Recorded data
+--

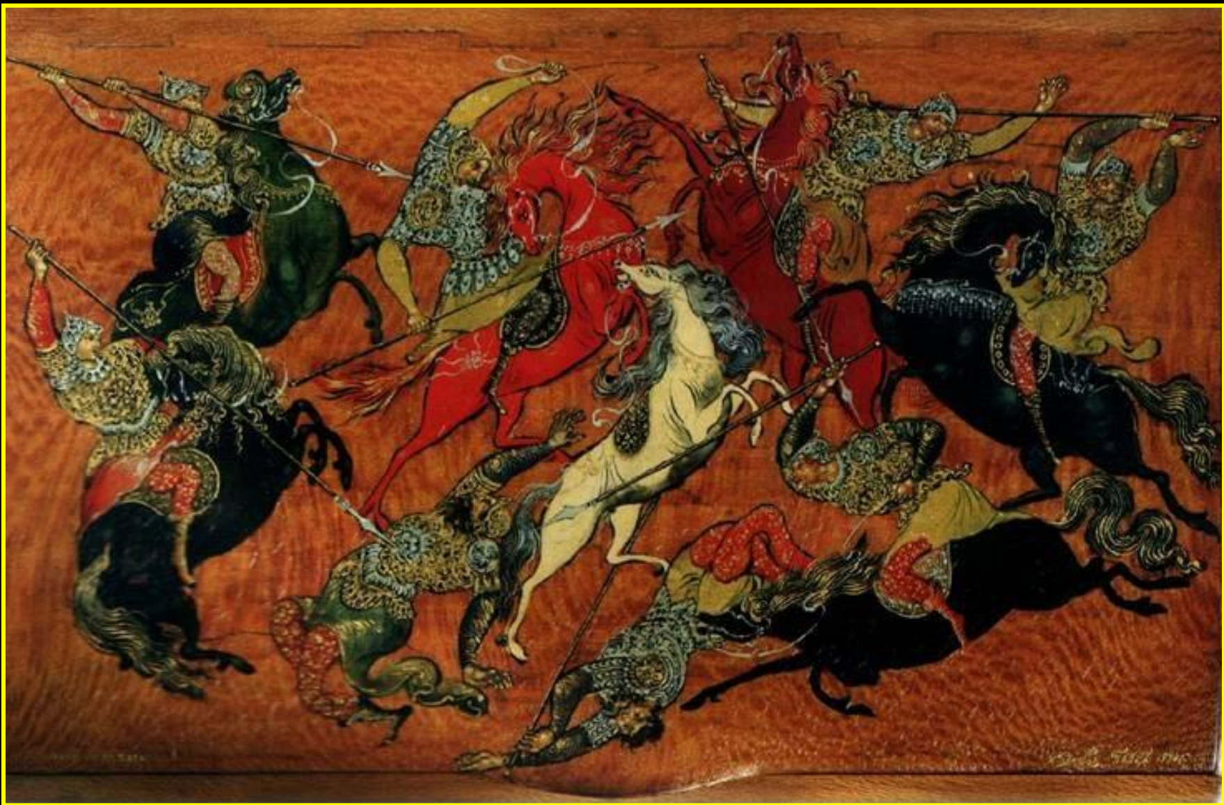
Голиков И. И. Битва. Портсигар. 1930
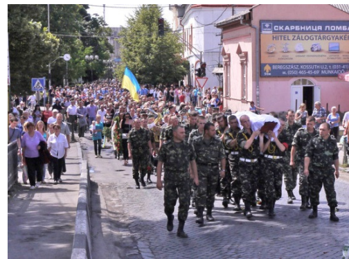
Begravenisstoet voor oorlogsslachtoffers in Beregszász
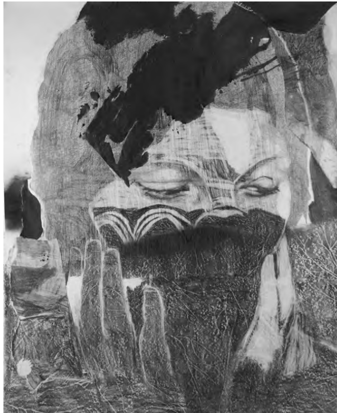
Frédéric Malette "Les oiseaux vont dévorer la chair des princes", 2019 graphite, encre, et colle sur papier 177 x 145 cm
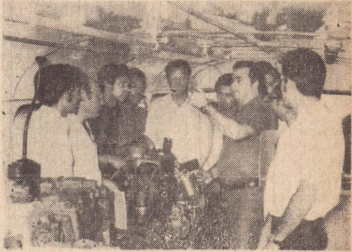
Mecanicos e Motoristas da BRASILIA sabem tudo sobre motores.

mecanicos como este que soal de Transportes Coletivo acaba de ser realizado em Brasilia S.A com excelente Pres. Prudente com o pes indice de aproveitamento.
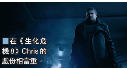
■ 在《生化危機 8》Chris 的戲份相當重。

der-Man: Miles Morales》及有趣 3D 動作遊戲《Ratchet & Clank: Rift Apart》、Guerrilla Games 巨製《地平線 2》、PS3 名作《Demon's Souls》的重製版等。教人意外是 Capcom 突然發表《生化危機》系列第 8 集《Village: Biohazard》，和前作一樣都是以主觀視點操作，Ethan 跟歷代名角 Chris 會擦出許多火花，預定明年發售，該廠亦宣佈後年推出題材獨特的另一新作《Pragmata》。
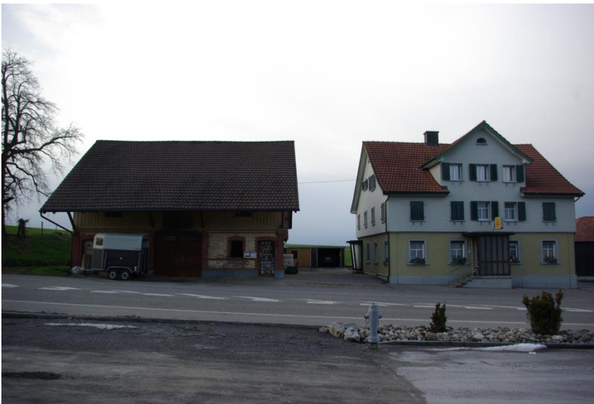
Das ehemalige Restaurant Schöntal.
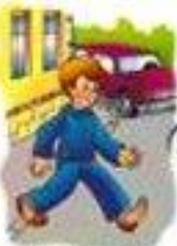
Пешеходный переход и переходный период
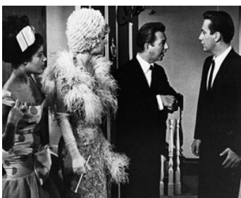
1964 CHAMBRE À PART (That funny feeling) de Richard Thorpe avec Sandra Dee, Bobby Darin
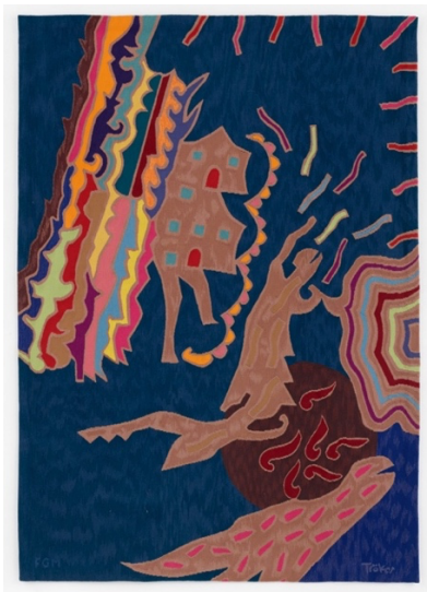
Heinz Trökes, Tanzendes Haus, 1973/1987, Wolle gewebt als Gobelin, 210 x 148 cm, © VG Bild-Kunst, Bonn 2026

ALEXANDER UND RENATA CAMARO STIFTUNG Camaro Haus | Potsdamer Straße 98A | 10785 Berlin 2. Hof | 3. Etage | +49 (0)30 263 929 75 info@camaro-stiftung.de | www.camaro-stiftung.de
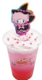
マイルスイートピアノの ピンクカルピスソーダ 900円
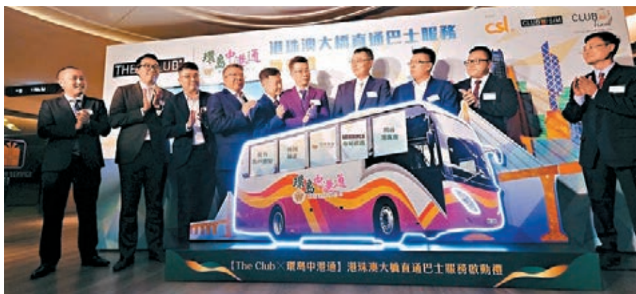
「環島中港通」昨日舉行港珠澳大橋直通巴士服務啟動禮。

月底或下月初可正式營運。該公司已為提供服務籌備很長時間，無論買車、招聘司機、安排銷售等均已做好準備，開通首日港澳快線62班車可全數提供，粵港線則可提供七八成運力，預計一個月內可以百分之百投入服務。
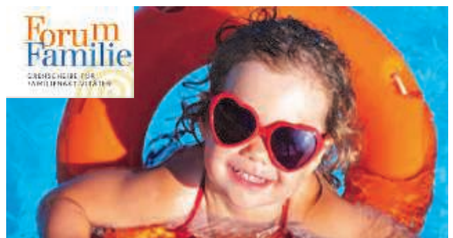
Ferienbetreuung für Kinder und Jugendliche im Sommer 2012.

Unter diesem Link finden Sie auch die Sommer Öffnungszeiten der Kinderbetreuungseinrichtungen und div. Camps im In- und Ausland.
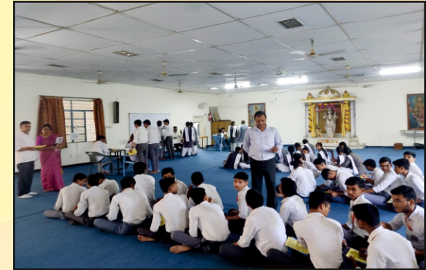
विद्यालय में निःशुल्क नेत्र परीक्षण कराते छात्र-छात्राएं
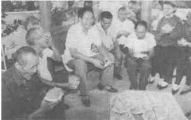
东营区牛庄镇镇委、镇政府领导到敬老院看望老人们。

本报讯 8月15日至20日，市石油分公司开展了“石油之窗”评估活动。他们请前来购油、购气的顾客和用户开展这一活动旨在检验社教整改成果，推动优质服务竞赛上水平。(文东)
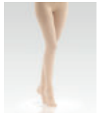
Strumpfhose mit Slipleibteil Tights with slip panty part
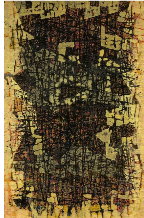
LAUKÓ PÁL A fa tetején , 2021, akril, papír, 130 x 80 cm

nagyon különbözően jelenik meg munkásságukban.
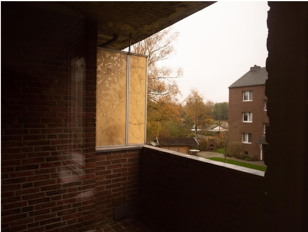
Überdachter Balkon (Loggia)
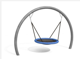
SC.153.3 Le nid d'oiseau lunaire
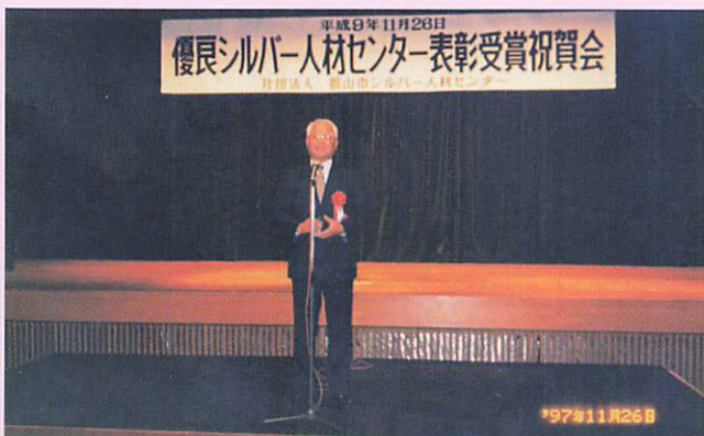
(1997-11-26 全シ協優良シルバー表彰受賞祝賀会 エミナルあさひ)
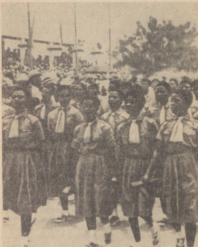
Togo noorus pidupäeval

Tuhanded inimesed olid sunnitud elatusvahendite leidmiseks rändama naabermaadesse, peamiselt Gaanasse.
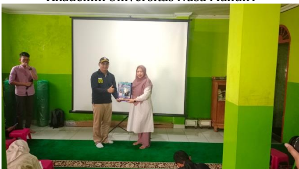
Gambar 8. Pemberian Souvenir Kepada Peserta Mitra
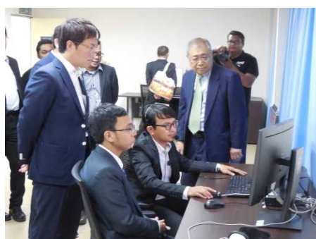
ASEAN 地域訓練センター
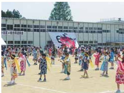
小高区4校合同運動会「よさこい」
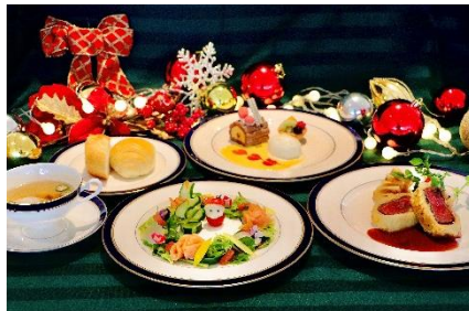
コースディナー(大人)
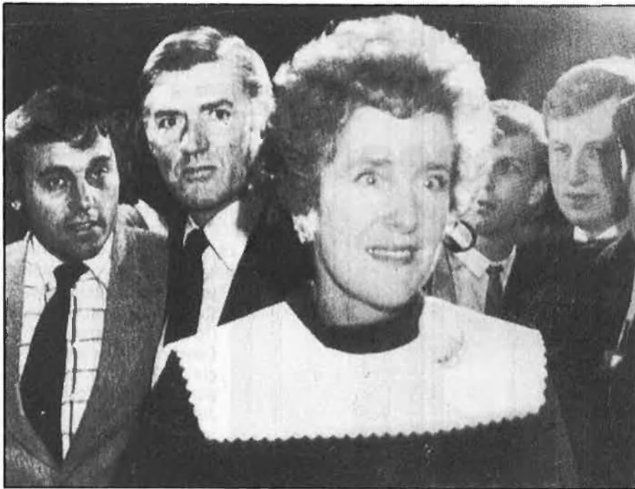
UNA SECRETÀRIA AL CONGRÉS
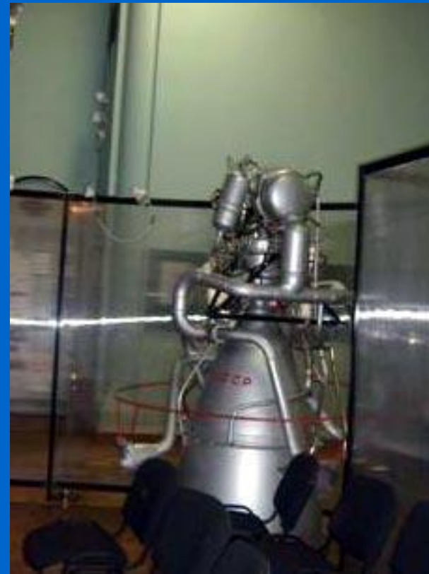
Двигатель космического корабля по проекту Глушко
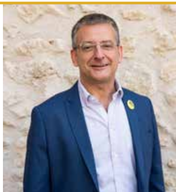
Ton Amat Alcalde de Sant Sadurní
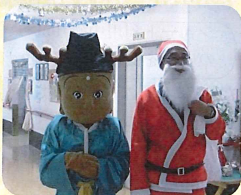
せんと君と苑長サンタ

ご利用者・ご家族様はじめ地域の皆様、先輩各位、また関係機関の各位ご指導・ご協力を頂けますよう合わせてお願いいたします。
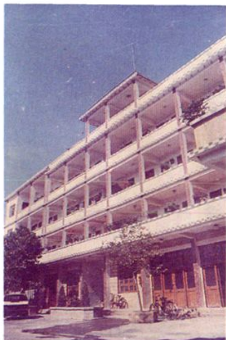
◀ 云霄县物资局办公大楼。
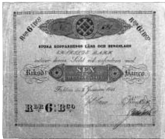
Stora Kopparbergs Läns och Bergslags Enskilda Bank. Sedel om 6 riksdaler 32 skilling banko utgiven 1841.
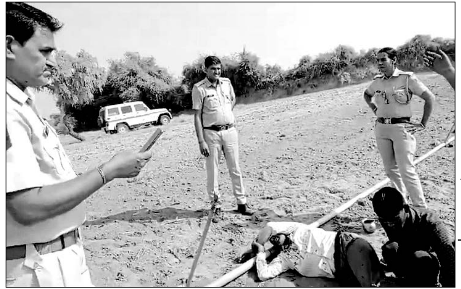
घटनास्थल का वीडियो सामने आया है, जिसमें खेत में एक व्यक्ति अचेत अवस्था पड़ा दिखाई दे रहा है।

गंभीर घायल को सूरजगढ़ के सरकारी अस्पताल में भर्ती करवाया, एक झुंझुं रेफर
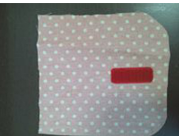
(1) フタ後ろ布の中央下部分に マジックテープを縫いつける
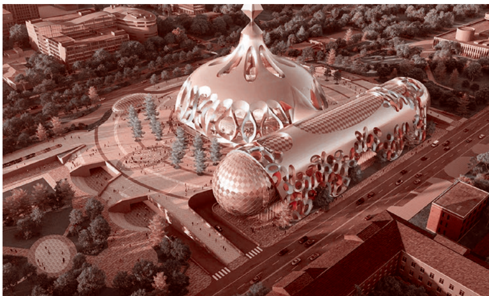
Новый проект цирка на проспекте Вернадского в Москве

Качели посреди Триумфальной площади — это же такой диссонанс. В центре площади стоит памятник Маяковскому, а тут у нас качели-карусели. Может еще
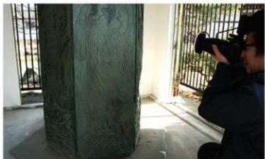
▲ 図3: 現地での撮影の様子。LEDリング照明をつけたデジタル一眼レフカメラなどを使用した。
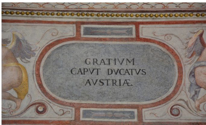
Obr. 2 Palazzo Vecchio, Florencie, detail nástěnné malby s latinským textem.
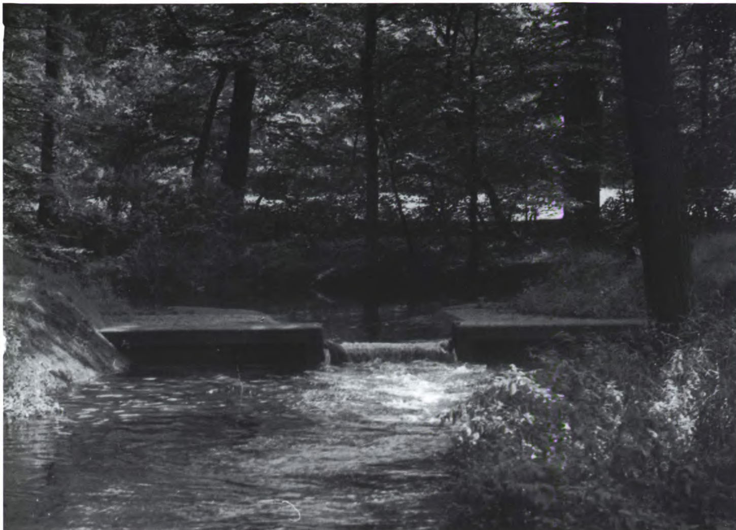
De overlaat van de Oelerbeek naar de Twickelervaart. ca. 1960.

Neem de boswet. Daarvan ligt de uitvoering primair bij de provincie, maar ook gemeente-ambtenaren zijn erbij betrokken. Kleinere gemeenten met weinig ambtenaren in dienst hebben geen specialisten op het gebied van de boswet. Dat kan ook niet. Maar het is wel frustrerend dat je afhankelijk bent van een ambtenaar die op tijd een aanvraag moet versturen. De decentralisatie heeft soms alleen een hinderlijke tussenstap tot gevolg. Wat mij betreft is de decentralisatie soms te ver doorgeschoten”.

+--

**Task objective**
When repeating the entries, leave out every picture and keep the rest exact.

**Response below**
Голиков И. И. Битва. Портсигар. 1930
Begravenisstoet voor oorlogsslachtoffers in Beregszász
Frédéric Malette "Les oiseaux vont dévorer la chair des princes", 2019 graphite, encre, et colle sur papier 177 x 145 cm
Mecanicos e Motoristas da BRASILIA sabem tudo sobre motores.

mecanicos como este que soal de Transportes Coletivo acaba de ser realizado em Brasilia S.A com excelente Pres. Prudente com o pes indice de aproveitamento.
■ 在《生化危機 8》Chris 的戲份相當重。

der-Man: Miles Morales》及有趣 3D 動作遊戲《Ratchet & Clank: Rift Apart》、Guerrilla Games 巨製《地平線 2》、PS3 名作《Demon's Souls》的重製版等。教人意外是 Capcom 突然發表《生化危機》系列第 8 集《Village: Biohazard》，和前作一樣都是以主觀視點操作，Ethan 跟歷代名角 Chris 會擦出許多火花，預定明年發售，該廠亦宣佈後年推出題材獨特的另一新作《Pragmata》。
Das ehemalige Restaurant Schöntal.
Пешеходный переход и переходный период
1964 CHAMBRE À PART (That funny feeling) de Richard Thorpe avec Sandra Dee, Bobby Darin
Heinz Trökes, Tanzendes Haus, 1973/1987, Wolle gewebt als Gobelin, 210 x 148 cm, © VG Bild-Kunst, Bonn 2026

ALEXANDER UND RENATA CAMARO STIFTUNG Camaro Haus | Potsdamer Straße 98A | 10785 Berlin 2. Hof | 3. Etage | +49 (0)30 263 929 75 info@camaro-stiftung.de | www.camaro-stiftung.de
マイルスイートピアノの ピンクカルピスソーダ 900円
「環島中港通」昨日舉行港珠澳大橋直通巴士服務啟動禮。

月底或下月初可正式營運。該公司已為提供服務籌備很長時間，無論買車、招聘司機、安排銷售等均已做好準備，開通首日港澳快線62班車可全數提供，粵港線則可提供七八成運力，預計一個月內可以百分之百投入服務。
Ferienbetreuung für Kinder und Jugendliche im Sommer 2012.

Unter diesem Link finden Sie auch die Sommer Öffnungszeiten der Kinderbetreuungseinrichtungen und div. Camps im In- und Ausland.
विद्यालय में निःशुल्क नेत्र परीक्षण कराते छात्र-छात्राएं
东营区牛庄镇镇委、镇政府领导到敬老院看望老人们。

本报讯 8月15日至20日，市石油分公司开展了“石油之窗”评估活动。他们请前来购油、购气的顾客和用户开展这一活动旨在检验社教整改成果，推动优质服务竞赛上水平。(文东)
Strumpfhose mit Slipleibteil Tights with slip panty part
LAUKÓ PÁL A fa tetején , 2021, akril, papír, 130 x 80 cm

nagyon különbözően jelenik meg munkásságukban.
Überdachter Balkon (Loggia)
SC.153.3 Le nid d'oiseau lunaire
(1997-11-26 全シ協優良シルバー表彰受賞祝賀会 エミナルあさひ)
Togo noorus pidupäeval

Tuhanded inimesed olid sunnitud elatusvahendite leidmiseks rändama naabermaadesse, peamiselt Gaanasse.
Gambar 8. Pemberian Souvenir Kepada Peserta Mitra
ASEAN 地域訓練センター
小高区4校合同運動会「よさこい」
コースディナー(大人)
UNA SECRETÀRIA AL CONGRÉS
Двигатель космического корабля по проекту Глушко
Ton Amat Alcalde de Sant Sadurní
せんと君と苑長サンタ

ご利用者・ご家族様はじめ地域の皆様、先輩各位、また関係機関の各位ご指導・ご協力を頂けますよう合わせてお願いいたします。
◀ 云霄县物资局办公大楼。
Stora Kopparbergs Läns och Bergslags Enskilda Bank. Sedel om 6 riksdaler 32 skilling banko utgiven 1841.
घटनास्थल का वीडियो सामने आया है, जिसमें खेत में एक व्यक्ति अचेत अवस्था पड़ा दिखाई दे रहा है।

गंभीर घायल को सूरजगढ़ के सरकारी अस्पताल में भर्ती करवाया, एक झुंझुं रेफर
(1) フタ後ろ布の中央下部分に マジックテープを縫いつける
Новый проект цирка на проспекте Вернадского в Москве

Качели посреди Триумфальной площади — это же такой диссонанс. В центре площади стоит памятник Маяковскому, а тут у нас качели-карусели. Может еще
▲ 図3: 現地での撮影の様子。LEDリング照明をつけたデジタル一眼レフカメラなどを使用した。
Obr. 2 Palazzo Vecchio, Florencie, detail nástěnné malby s latinským textem.
De overlaat van de Oelerbeek naar de Twickelervaart. ca. 1960.

Neem de boswet. Daarvan ligt de uitvoering primair bij de provincie, maar ook gemeente-ambtenaren zijn erbij betrokken. Kleinere gemeenten met weinig ambtenaren in dienst hebben geen specialisten op het gebied van de boswet. Dat kan ook niet. Maar het is wel frustrerend dat je afhankelijk bent van een ambtenaar die op tijd een aanvraag moet versturen. De decentralisatie heeft soms alleen een hinderlijke tussenstap tot gevolg. Wat mij betreft is de decentralisatie soms te ver doorgeschoten”.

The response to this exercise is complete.